The FIDO industry consortium launched in 2013, aiming to address “the lack of interoperability among strong authentication devices and the problems users face creating and remembering multiple usernames and passwords”. FIDO counts over 200 members and it focuses on password issues, encryption, authentication (especially two-factor authentication – 2FA or even MFA), related protocols and solutions.

Alternatives to the static password are essential in the development of a future stronger authentication. The working group established in view of Web Authentication research and solution providing will try and define “a client-side API providing strong authentication functionality to Web Applications”. The FPWDs of its normative deliverables are to be produced in Q1 2016. From there on, it may be a relatively long time until the new standard will reach (if ever) the Web browsers and the users. Mobile authentication still has to wait.

As TNW explains it, the purpose of the working group activity is to deliver viable methods of user identification based not on memorable passwords, but on device identification via a pair of authentication keys. The user would no longer have to type passwords, but will have to possess the required device that allows such an “automated” login.

What would the “no-password” standard mean?

Faster and more reliable digital activities are sure to come from such an important change. A unified, internationalized cyber-security authentication standard. A future world of mobile authentication unravels in front of the enthusiasts’ eyes.

Every user would in turn be associated with at least one device able to support the new type of authentication. The security-related worries could revert to the physical security of such devices – since they will hold the user identification “keys”. All situations cannot be however covered since the technology itself, as well as its functioning schematics are not here to analyze yet.

Considering how e-payment via smartphone gains traction, (unless unforeseeable situations occur) the mobile authentication concept is heading that way with or without API password-free authentication. Using your smartphone for paying various services, for banking and accessing your web accounts – those who are wondering what might be next might have to wait shorter than estimated if all goes well.

Is the World Wide Web presence synchronizing itself with the status of smartphone owner? How about the impoverished people or those who choose not to go fully connected – will they face the possibility of being cut-off from the connected world?

All these questions and many others may arise – and they probably all have the right answers in due time. The year 2016 already provided a possible answer to mobile authentication via the Freedom 251, the world’s cheapest smartphone. Not all technology should be tailored by high-end standards; more accessible solutions that fit every budget are in the works.

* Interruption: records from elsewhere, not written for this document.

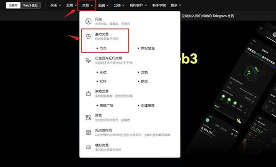5、登录进入首页,点击【交易】—【基础交易】—【币币】,进入交易页面。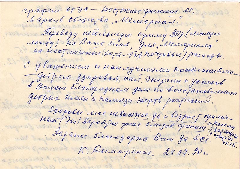 Переведу небольшую сумму 30 р. (малую лепту) на Ваше имя, для «Мемориал» на неотложные (хотя бы почтовые) расходы.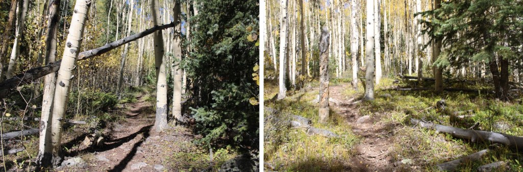 This part of the trail hugs the Animas River. Its ups and downs are barely noticeable, unless you’re paying attention to that sort of thing (which I was). I couldn’t help but think how much those elevation losses now were going to hurt on my hike back out. I could hear the rushing of the river, and looked forward to actually seeing it while hiking back out later today.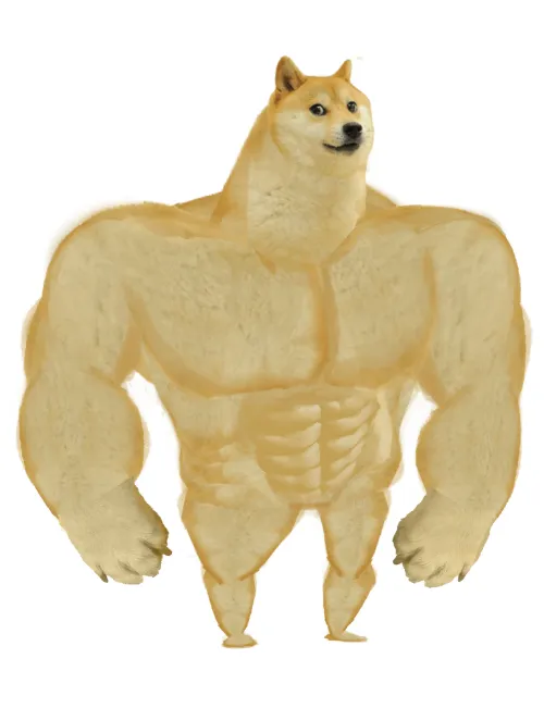 Swole Doge. The muscular, jacked version of the Shiba Inu, standing tall with an imposing physique. For when something or someone is unreasonably strong, tough, or impressive.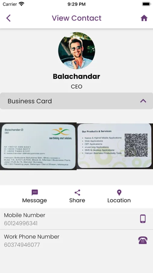 View Contacts: View contacts details, business card and profile pictures. View the details. Just click on SMS, WhatsApp and Get directions for the address by using location.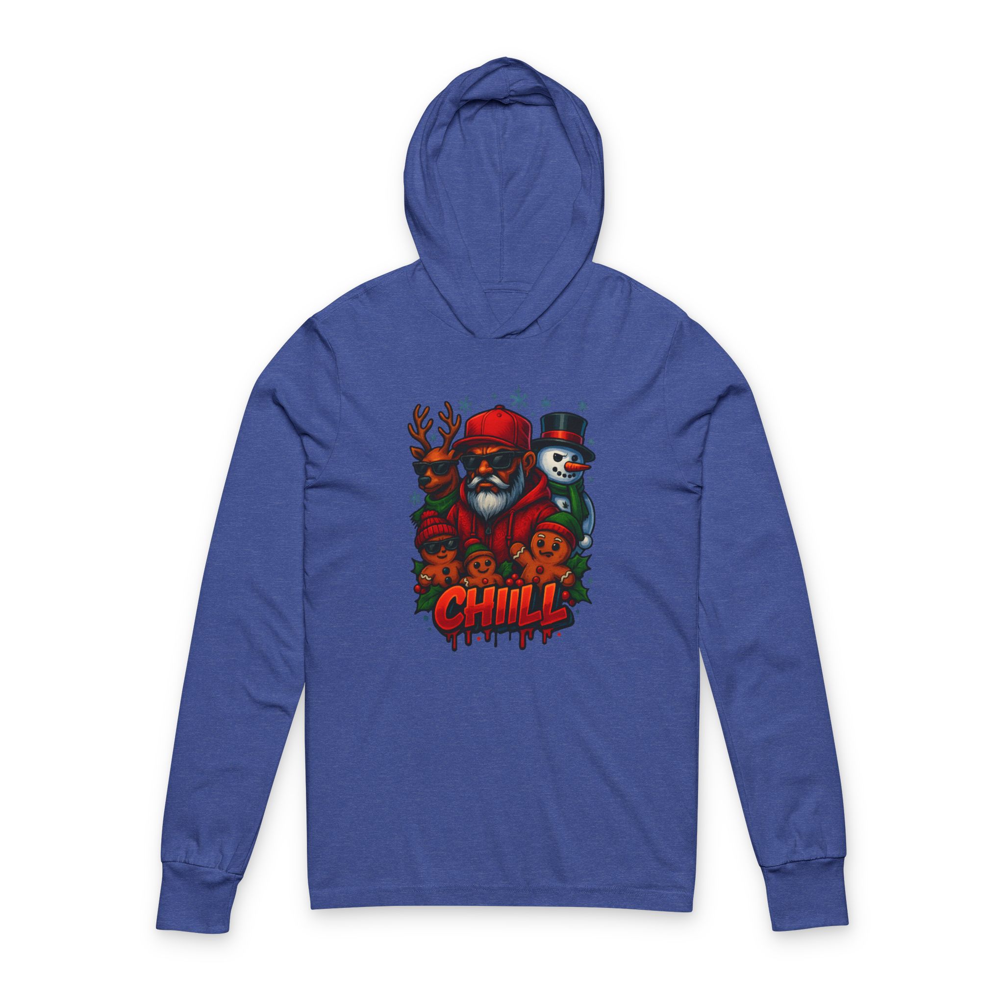 Soft, lightweight hooded long-sleeve that reads like a holiday street scene. A bold, slightly dark Santa-and-snowman graphic sits on the chest with dripping paint details and the word “CHILL” in gritty lettering. The shirt feels relaxed and breathable — good for layering under a jacket or wearing solo on chilly evenings. It brings a playful, slightly rebellious holiday energy that fits casual winter hangs, late-night markets, and cozy nights in with friends. The hood and long sleeves add extra warmth without bulk, while the crossover V at the neckline gives a subtle vintage touch. Wear it when you want seasonal spirit with attitude.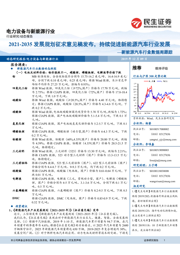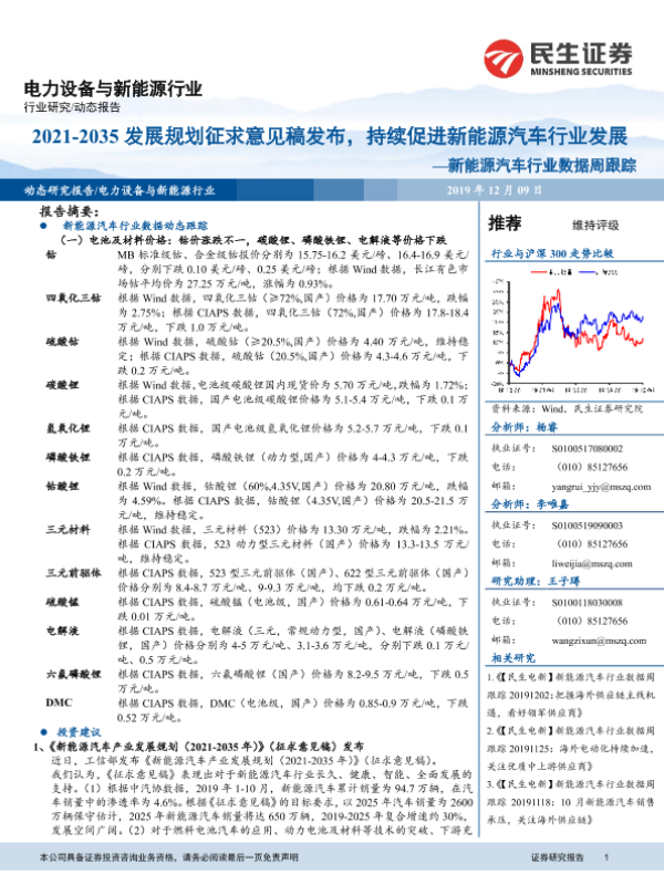 【民生证券】【20191209】2021-2035发展规划征求意见稿发布,持续促进新能源汽车行业发展——新能源汽车行业数据周跟踪-16页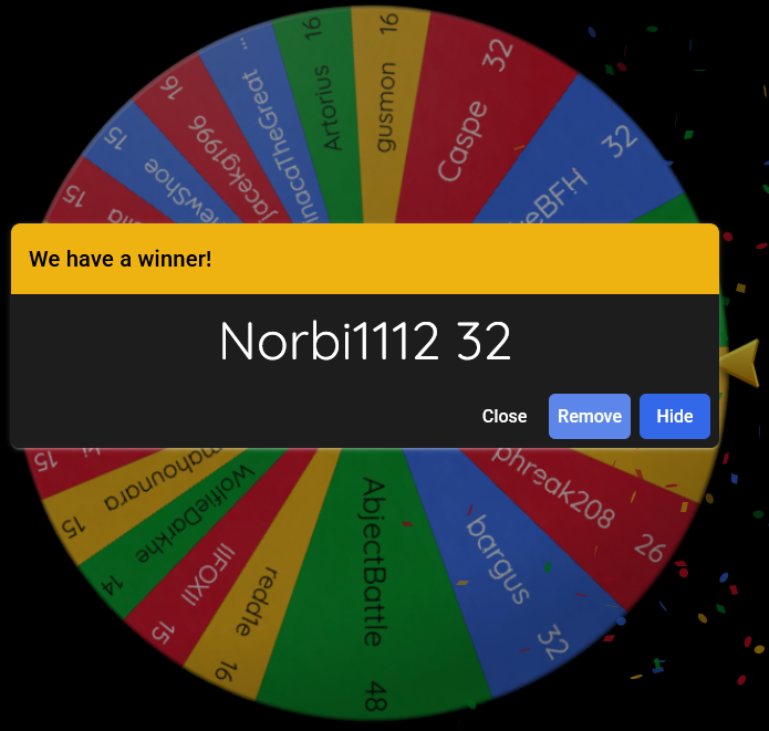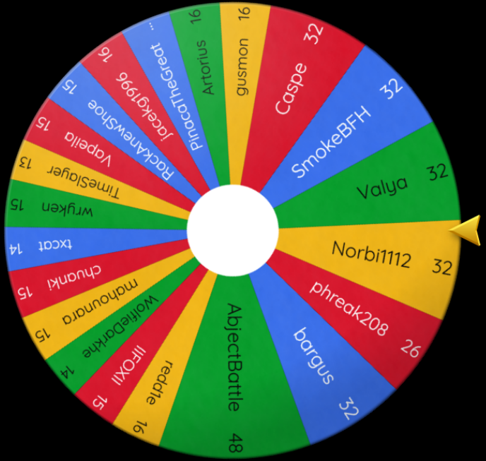 @choomba and @Norbi1112, you both have 48 hours to respond in here or DM me or you will forfeit your prize (if neither of them responds in time, I will re-draw this round).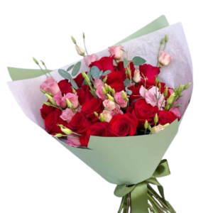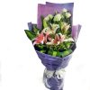 Delicados Lilium de 10 Varas envuelto en papel floral y combinada cinta de organza.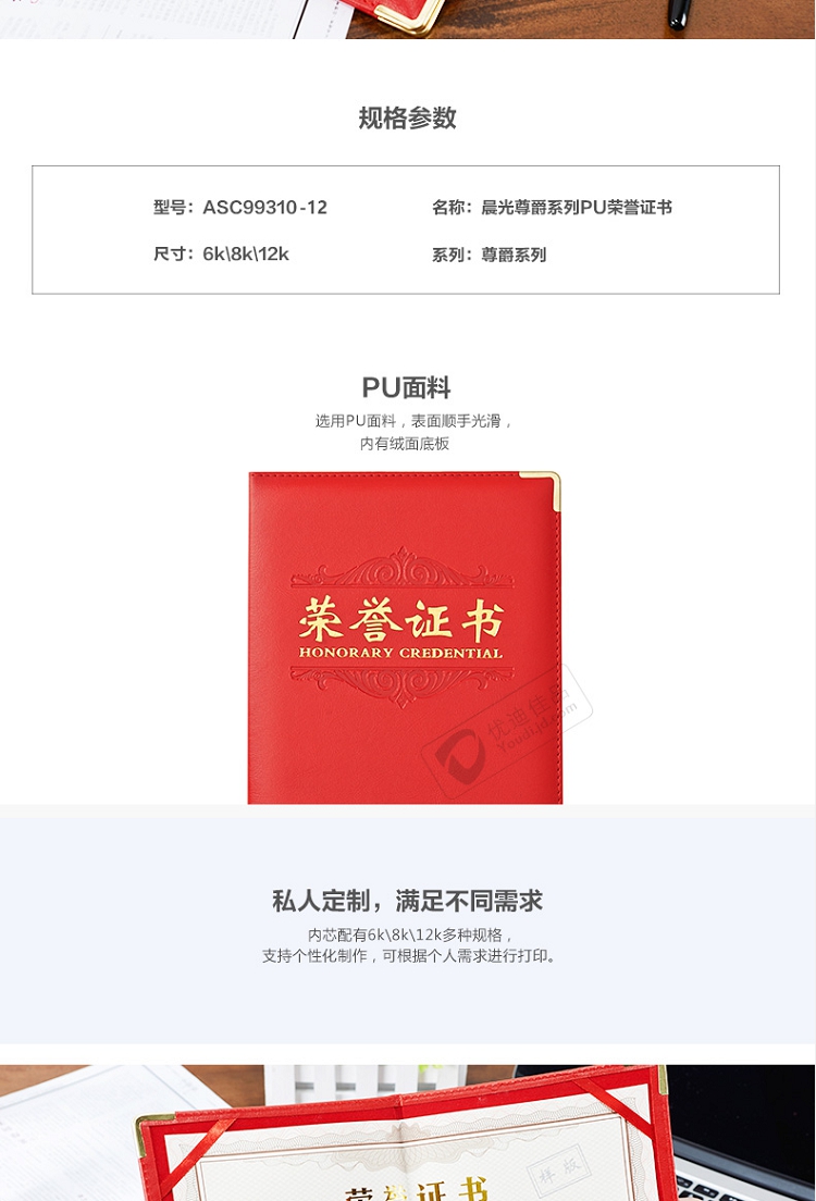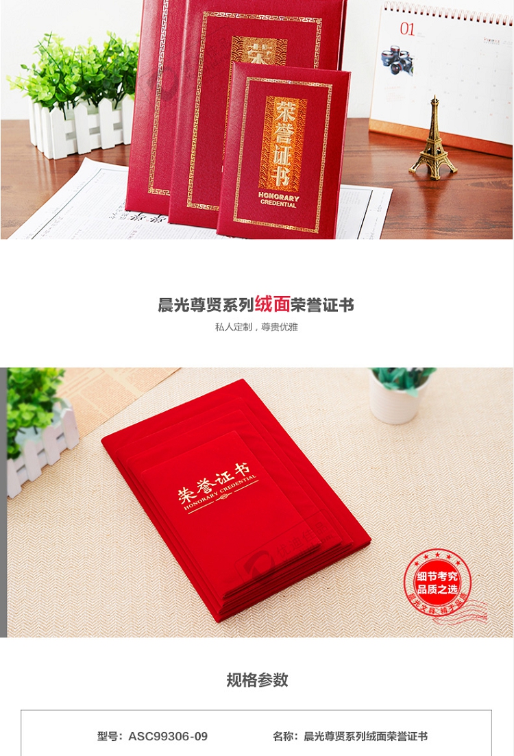 晨光(M&G) ASC99314 8K浮雕榮譽證書特種紙封面(合上尺寸178*255mm)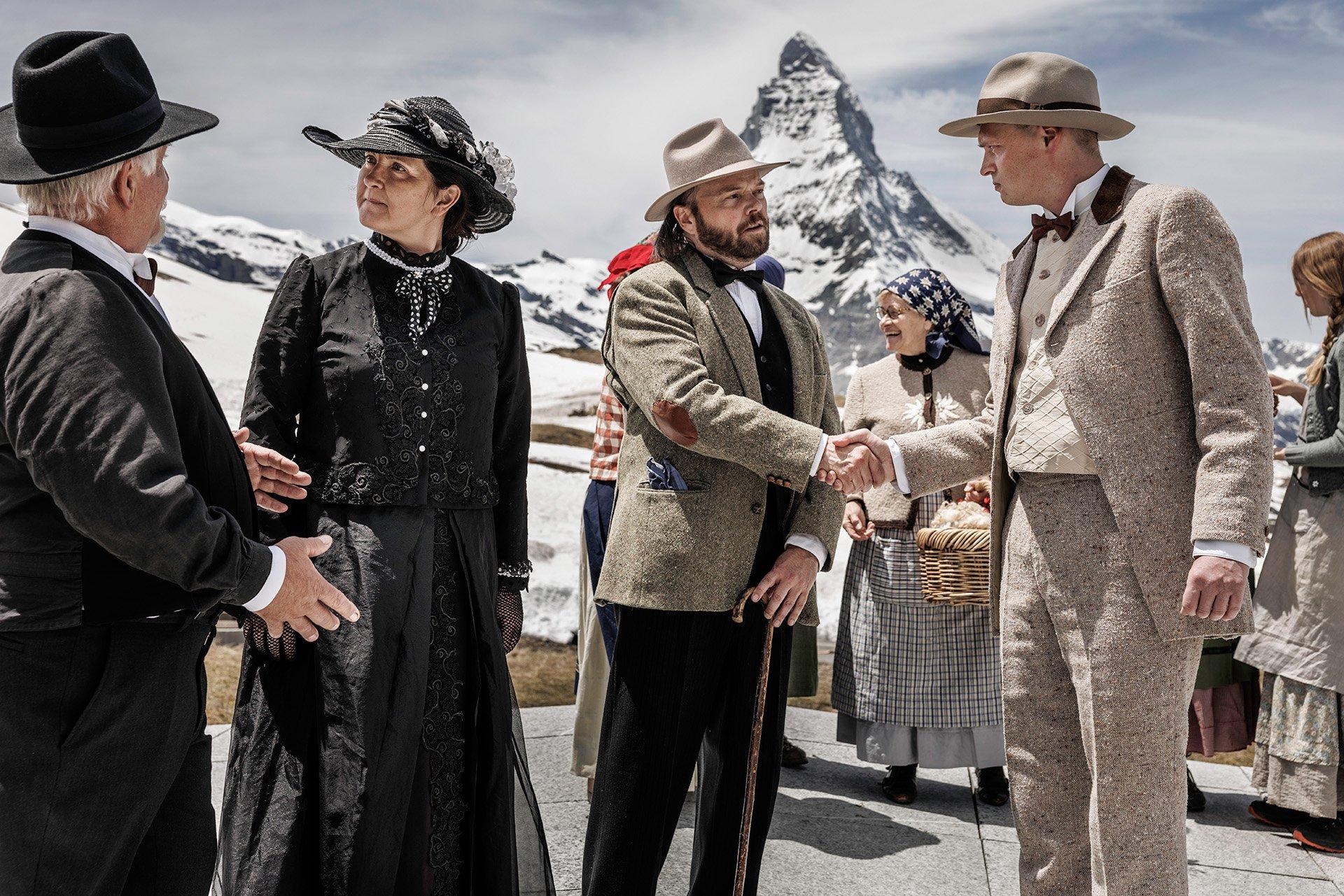 Während des Probebesuchs lässt sich dies eindrücklich beobachten. Man wähnt sich 160 Jahre ins Jahr 1865 zurückversetzt. Die Kostüme, die Interpretation der Rollen, die passende Musik. Das Gezeigte kommt einer in sich stimmigen Hommage an die Ursprünge des Alpinismus und schliesslich Tourismus in Zermatt gleich. Immer wieder unterbricht Livia Anne Richard, korrigiert, gibt Anweisungen und «wendet den kleinen Pinsel» an, wie sie es nennt, um an den finalen Details zu arbeiten.

However, a standard that cannot be lowered  is the cyber-security standard – in a connected digital world any weak entry point holds the risk of affecting all participants. That is a strong motivational factor in developing universal, non-variable strong security solutions that would ensure cyber-protection objectively. Regardless whether the user is more or less educated, more or less cyber-aware, the authentication method of the future aims at protecting the data, the network, the connected users and ultimately the entire system.